By health-newswire.com reporters

 A team of international experts is to depart for Iraq next week to pave the way for research into possible links between increased cancer rates and the use of depleted uranium (DU) shells during the Gulf War.

 The Iraqi government has requested the study because it believes that armour-piercing DU ammunition fired by Allied Forces in 1991 has led to an increase in leukaemia and other cancers among its population. The Iraqi health  ministry says that cancer rates doubled between 1989 and 1997.

 On Monday ((27/08/01) the group of experts from the World Health Organization (WHO) will fly to Baghdad for three days to complete proposals for a research programme. The study will investigate whether cancer rates have in fact increased and, if so, what environmental or other risk factors may be responsible.

 The eight-member team will be led by Dr Abdelaziz Salah, WHO deputy regional director for the Eastern Mediterranean.

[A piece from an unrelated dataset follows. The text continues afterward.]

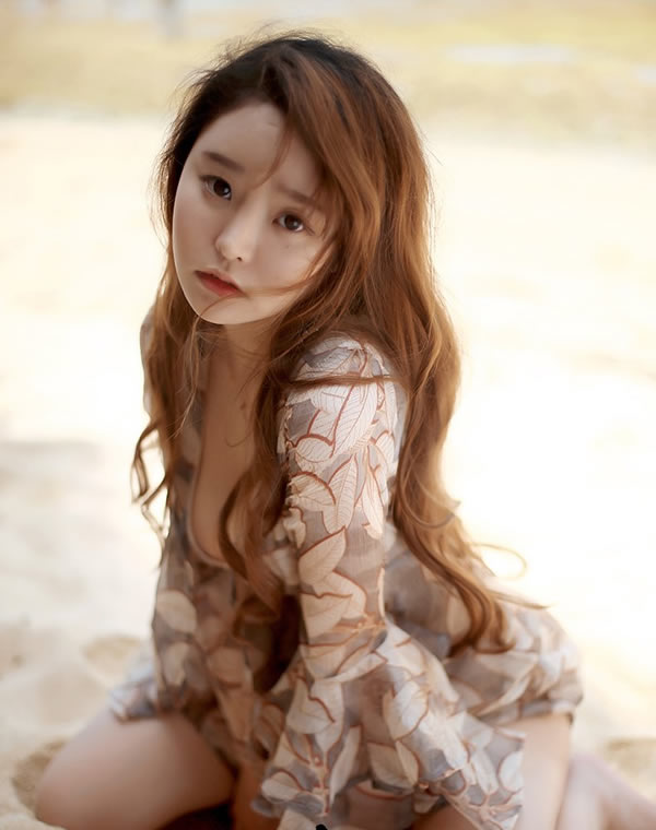 风情万种柳侑绮旅拍美胸激凸浅咖色连衣裙福利写真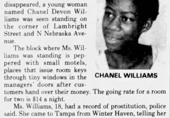 1984年 5月13號,那天是母親節,午後陽光正好,兩個男孩在一處空地玩耍,玩著玩著,聞到空氣中傳來奇怪的味道,他們循著氣味走了幾步,結果被眼前的景象嚇的,大概再也不敢自己跑出來玩了,在路邊的草叢裡,一個女子全身赤裸,雙手與頸部被繩子綑綁,坦帕春天,溫暖的氣候,使得遺體已經開始腐敗。警方與鑑識人員獲報後趕到了現場,研判受害者身亡,已至少3天。法醫鑑定她生前曾被侵犯,並遭兇手勒斃。

His colleagues include experts in cancer epidemiology, occupational and environmental health, and other non-communicable diseases such as renal disease.

 The US and UK military have continuously denied a link between DU munitions and cancer, despite claims by NATO peacekeepers serving in the Balkans that they too have contracted the disease as a result of coming into contact with the radioactive shells.

 However, the UK Ministry of Defence has bowed to pressure from the Royal Society and is currently drawing up a programme for screening war veterans for exposure to uranium.